Officials from the FDA and the Obama administration's Office of Management and Budget said they needed the extra time to make sure that the rules were written correctly, with input from all stakeholders, given that they make up the biggest overhaul of food safety regulations in a generation. The Grocery Manufacturers Association, which represents many of the companies most affected by the new rules, praised the FDA for the "deliberative and inclusive approach it took in developing these regulations."

The fact that these regulations were released now, rather than even later, is due in part to a lawsuit by the Sacramento-based Center for Food Safety. A district judge in northern California ruled that the FDA had "unlawfully withheld" the rules for too long, ordering the agency to release the regulation on preventive controls for human food -- the one released this week -- by August 30. Technically, the FDA missed even this deadline, but the Center for Food Safety's attorney George Kimbrell said the group was "pleased" that the regulations came in when they did.

"Without our case and it's injunction, no doubt we would still be waiting," Kimbrell told The Huffington Post.

The key measure in the rules is a requirement that food manufacturers write up -- and follow -- detailed plans that identify possible sources of pathogens and establish ways to prevent those pathogens from making it into food. Such plans have been mandated for producers of packaged seafood since 1995, and for juice producers since 2001. The new regulations released this week will require the plans for almost every food found in the middle aisles -- but not the perimeter -- of the grocery store.
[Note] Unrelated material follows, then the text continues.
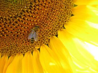 Keywords: sun flower yellow bee summer flower blossom bloom plant close green nature garden sky honey bloom landscape pollen nectar sun vibrant color sunny beautiful

Meat and dairy products are regulated by the United States Department of Agriculture, rather than the FDA, while fresh produce is governed by a separate FSMA regulation.

Food safety advocates were pleased to find that the final rules also require that most manufacturers test their facilities and finished products for pathogens. Eskin said that she sees this testing as "a fundamental piece of a prevention-based system," because without it, there's no way to know whether a company's food safety protocols are actually working.

In short, Eskin said, "There were some little things we wish had been included, but the bigger picture is that these are very strong rules."

Still, the enthusiasm of many food safety advocates has been tempered by their long-held belief that the FDA lacks the resources to ensure that manufacturers actually obey the regulations when they take effect a year from now. Though the FDA's food safety budget has increased since FSMA passed, many believe it hasn't increased enough to ramp up the frequency and rigor of inspections even to the relatively modest level required by the law.

"The real question is how do you enforce it," said famed food safety lawyer William Marler. "We’re asking companies to implement the rules with very little oversight. Is that ultimately going to be sufficient to make our food supply safer? The jury is still out."

Marler also noted that the FDA has become far more willing to harshly prosecute food safety violations since Obama came to office. This summer, executives of the Peanut Corporation of America were found guilty of knowingly selling salmonella-tainted peanut butter that sparked a food poisoning outbreak that killed at least nine people. The plant's former owner now faces life imprisonment, which is unprecedented in the history of American food safety. Marler speculated that the looming threat of personal punishment for infractions could spur executives to take the rules seriously, even if the chance of inspection is low.

The FDA also released its final versions of regulations for the production of animal food on Thursday. Further FSMA regulations on topics including produce and imported food are expected in the next few months.